I bought this on an online auction, didn't have time to go look at it.  Auction said it was Sears Craftsman but I don't see that anywhere and I can't find a similar one on the internet.  Only has a plate that says Timken Bearing Equipped.  Any help would be appreciated.

Ray


----------



## hardware1170 (Apr 27, 2016)

Forgot to post pics


----------



## dgehricke (Apr 28, 2016)

hardware 1170 your photos are too small for any indentifying features to give us a hint it sure looks like a Craftsman/Atlas 10"
or larger.
Take some close iups and bigger photos to help identify it. also check out <www.lathes.co.uk/index.html >
Regards
dgehricke


----------



## Mondo (Apr 28, 2016)

It resembles an Atlas built machine, but I don't think it is.  The HS casting is too squared and boxy in the front and the apron is far too long vertically.  The gear cover on the left end is also too large.  Sears did sell some Dunlap lathes, but they were all small 6" swing and had no QCGB so it isn't one of them, either.  Are there any part numbers on any of the castings?

I hope you did not pay too dearly for this.

Spiral_Chips


----------



## hardware1170 (Apr 28, 2016)

I found out it is a Clausing 100 Series.  Thanks.


----------



## wa5cab (Apr 29, 2016)

There is a not very good quality but legible manual for the Clausing 100 in Downloads.  There is also a manual for the 4800, which is what the model number was changed to after Atlas bought Clausing in 1950.  However, the 4800 manual is most likely for a later higher serial number version.

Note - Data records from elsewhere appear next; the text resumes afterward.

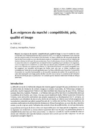 2000. Les exigences du marché : compétitivité, prix, qualité et image.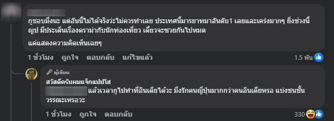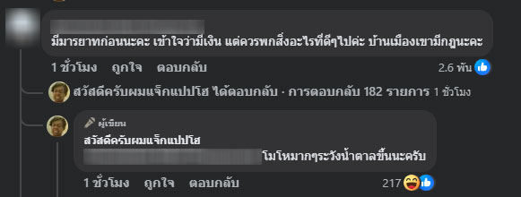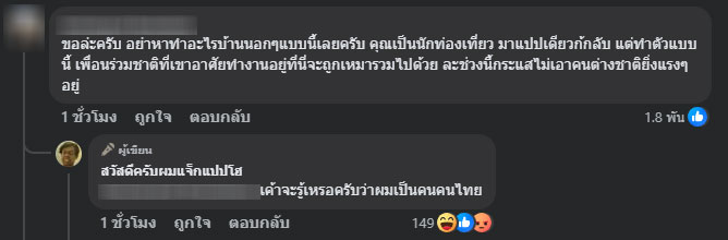 นอกจากนี้ยังมีชาวเน็ตจำนวนมากเข้ามาคอมเมนต์ว่า “มีมารยาทก่อนนะคะ เข้าใจว่ามีเงิน แต่ควรพกสิ่งดีๆ ไปค่ะ บ้านเมืองเขามีกฎนะคะ” อย่างไรก็ตาม แจ็กแปปโฮได้เข้ามาตอบกลับว่า “โมโหมากๆ ระวังน้ำตาลขึ้นนะครับ”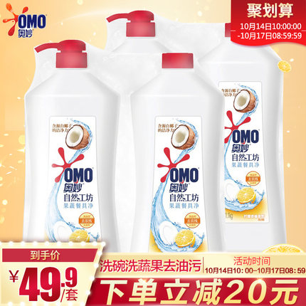 奥妙洗洁精1.1kgX4瓶,下单立减20元,领劵再减10元,*后到手39.9元4瓶。奥妙荷洗洁精,易漂易清,洗碗果蔬净,去油去农残,不添加荧光增白剂,洗完香喷喷,洁净不伤手,安全无残留,去污还除菌哦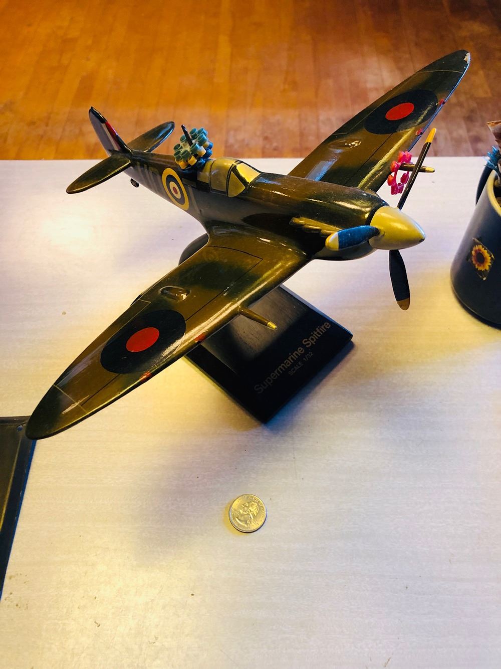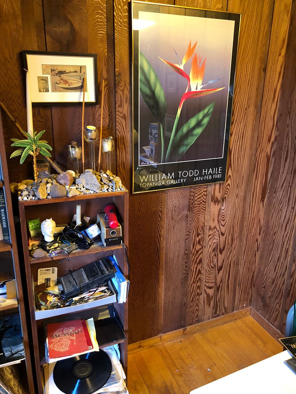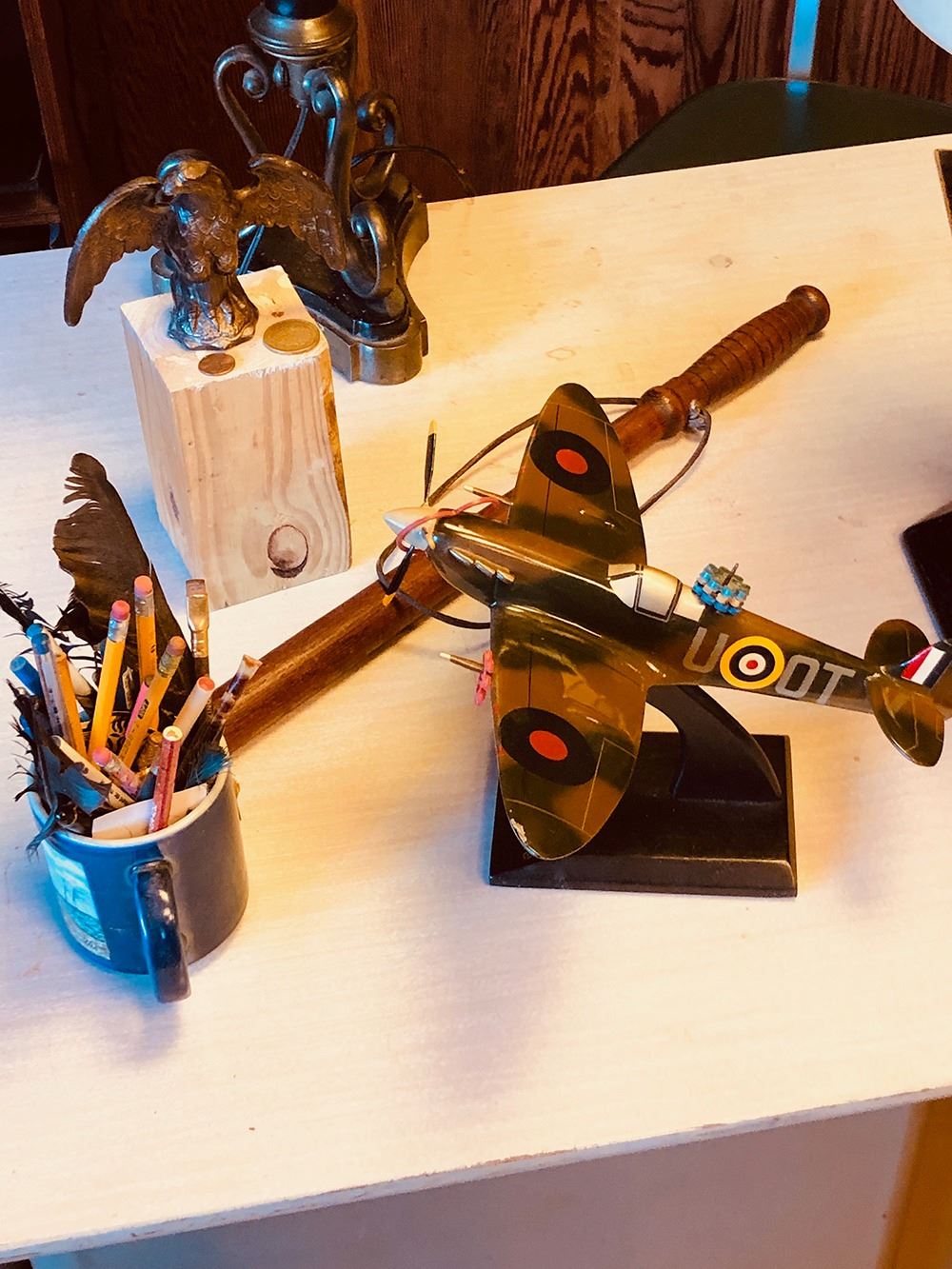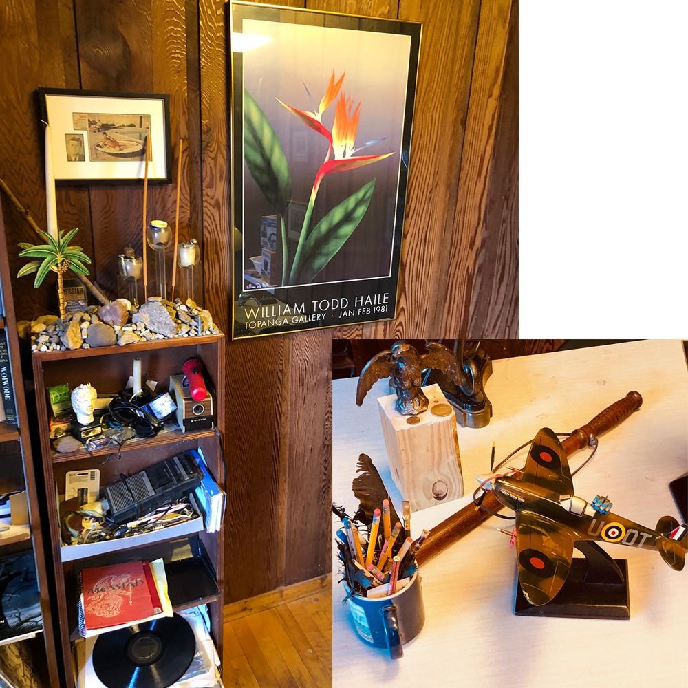 Estate lot including small book shelf and contents, candle holders, desk contents including airplane model, framed print. pd estate

The floor legs do not appear to be original Clausing.  And the motor is supposed to mount on a hinged base attached to the rear of the bed, not down almost on the ground.   The early 100 is roughly equivalent to the Atlas/Craftsman 12".  The later ones are equivalent to the late Atlas 12" with 1/2" bed.


----------



## hardware1170 (Apr 29, 2016)

There is no plate on the tailstock with the serial #, is there another place the number might be on the lathe?


----------



## Low tech (Apr 29, 2016)

Try looking at the tailstock end of the bed ways . Usually on the top of the ways .


----------